Reputation: 105
I have a two dataframes:
email_date_df:
email_id |customer_id| email_date | email_opened
001 | 1000 | 03-02-21 | 1
002 | 1001 | 03-22-21 | 0
003 | 1002 | 04-02-21 | 1
004 | 1003 | 05-02-21 | 1
transaction_df:
trans_id |customer_id| trans_date | amount
001 | 1000 | 03-04-21 | $10
002 | 1001 | 04-30-21 | $24
003 | 1001 | 05-02-21 | $14
004 | 1003 | 04-10-21 | $149
I want to understand for each email sent to a customer, was there a transaction that happened within 30 days. I merged on date frames based on customer_id
but have too much duplicate rows and data.

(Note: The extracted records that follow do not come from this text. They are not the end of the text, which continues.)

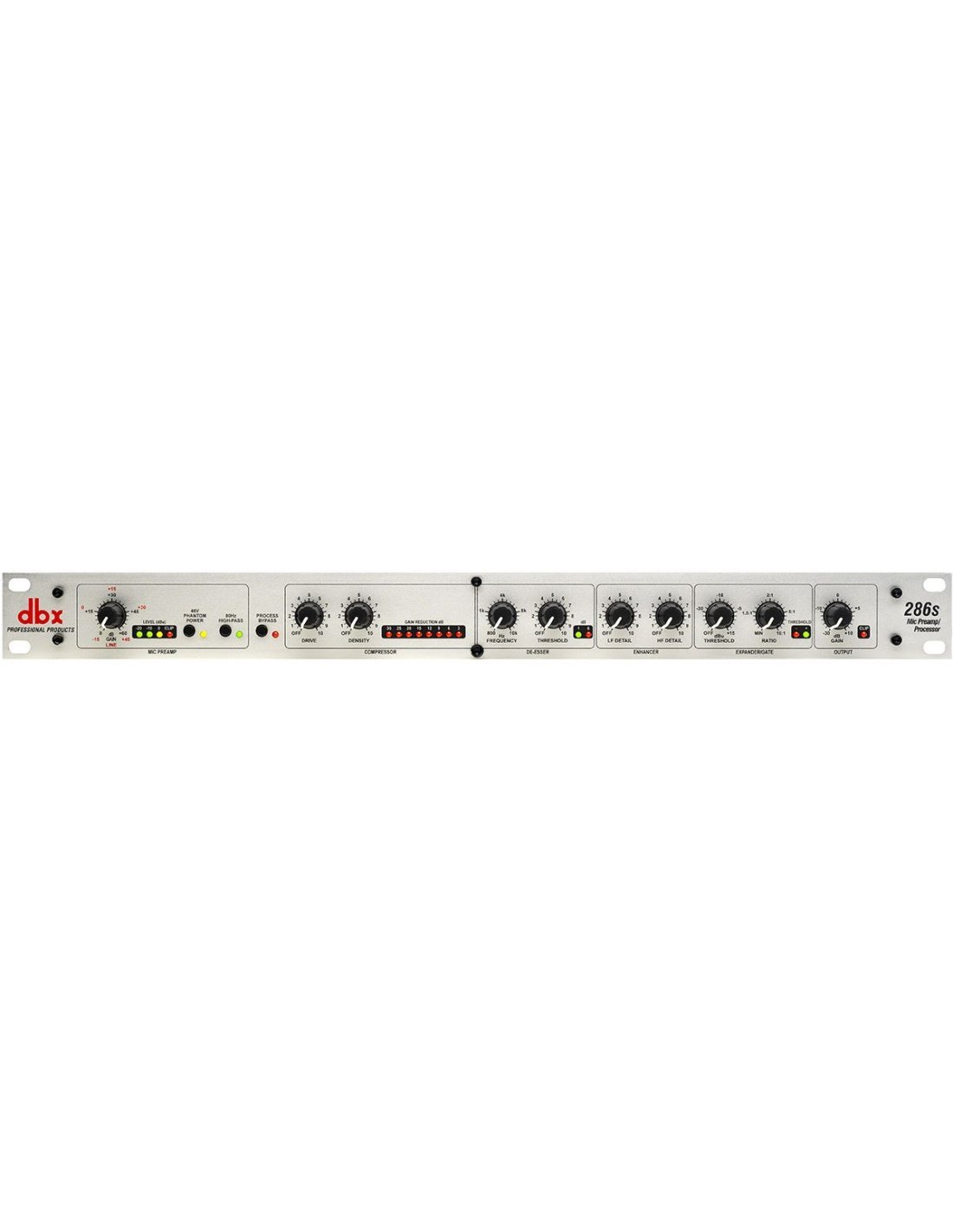 DBX 286S. Processore Channel strip con preamplificatore microfonico monocanale con Input microfonico XLR e strumento TRS e 4 processori di dinamica utilizzabili separatamente o in simultanea. Le caratteristiche tecniche includono preamplificatore microfonico con guadagno regolabile da +0/+60 dB, alimentazione phantom + 48V commutabile, filtro passa-alto da 80Hz e Led meter a 4 segmenti. Tra i 4 processori di dinamica presenti troviamo il compressore brevettato dbx OverEasy®, De-Esser sintonizzabile in frequenza, Enhancer HF Detail e un Expander/Gate adattivo con Led di stato e misurazione.
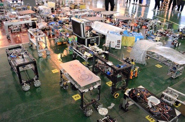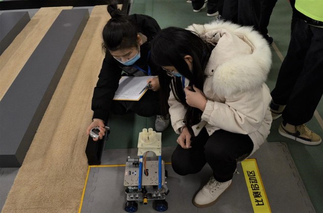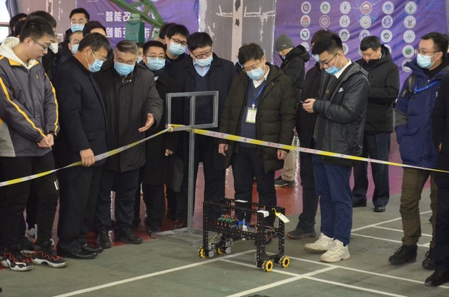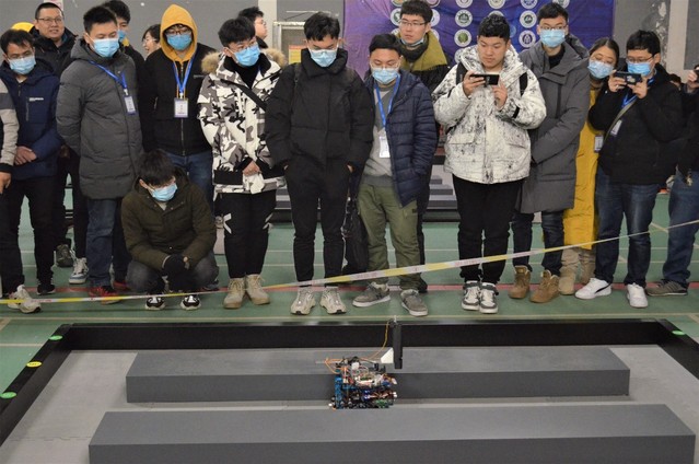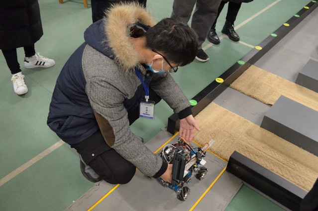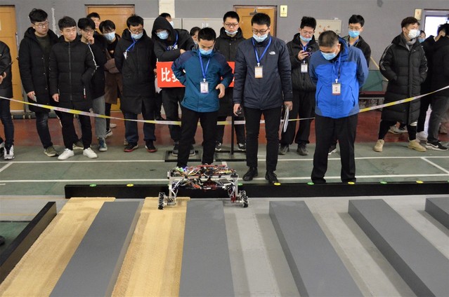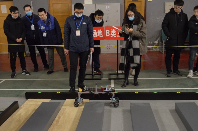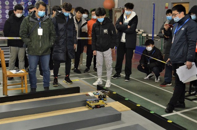 此次比赛共分四个场地,比赛人员随机分配。每支参赛队伍在比赛开始前调试好机器并封存于指定位置。比赛开始后,志愿者引导参赛队伍有序入场参赛,每支参赛队伍有两次机会,每次开始前有一分钟准备时间。评委们细致负责,认真按规定评分。陈学庚院士一行人亲临现场观看、指导比赛。比赛过后,参赛队伍从场地出口有序离场。
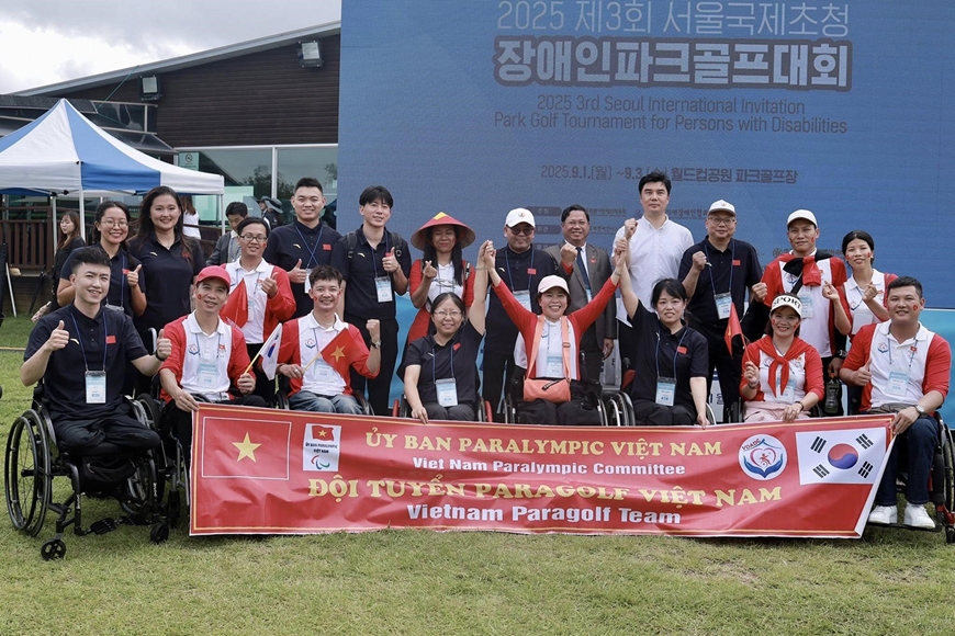 Đoàn Ngọc Chiến cùng đội tuyển Para Golf Việt Nam tham dự Giải 2025 3rd Seoul International Invitation Park Golf Tournament for Persons with Disabilities. Ảnh: NVCC

Is there a way I can search through transaction_df
for each row in email_date_df
to see if there was a transaction within 30 days?
The output would look like:
email_date_df:
email_id |customer_id| email_date | email_opened | transaction_witin_30_days
001 | 1000 | 03-02-21 | 1 | 1
002 | 1001 | 03-22-21 | 0 | 0
003 | 1002 | 04-02-21 | 1 | 0
004 | 1003 | 05-02-21 | 1 | 0
Upvotes: 1
Views: 43
Reputation: 8790
I think you were close with doing a merge based on customer_id
.
First, do a left merge of the two DataFrames. For each email a customer received, there will be a row for each transaction they logged:
merge = email_date_df.merge(transaction_df, on='customer_id', how='left')
Second, find the differences between all the email dates and transaction dates. Also make a binary column indicating whether or not the difference is within 30 days:
merge['diff'] = (merge['trans_date'] - merge['email_date'])
merge['within30'] = (merge['diff'] < '30D') & (merge['diff'] > '0D')
Then, for each unique email (email_id
), check if any of the merged entries have a difference within 30 days. Do this with a group by:
grouped = merge.groupby(['email_id'])['within30'].any().astype(int)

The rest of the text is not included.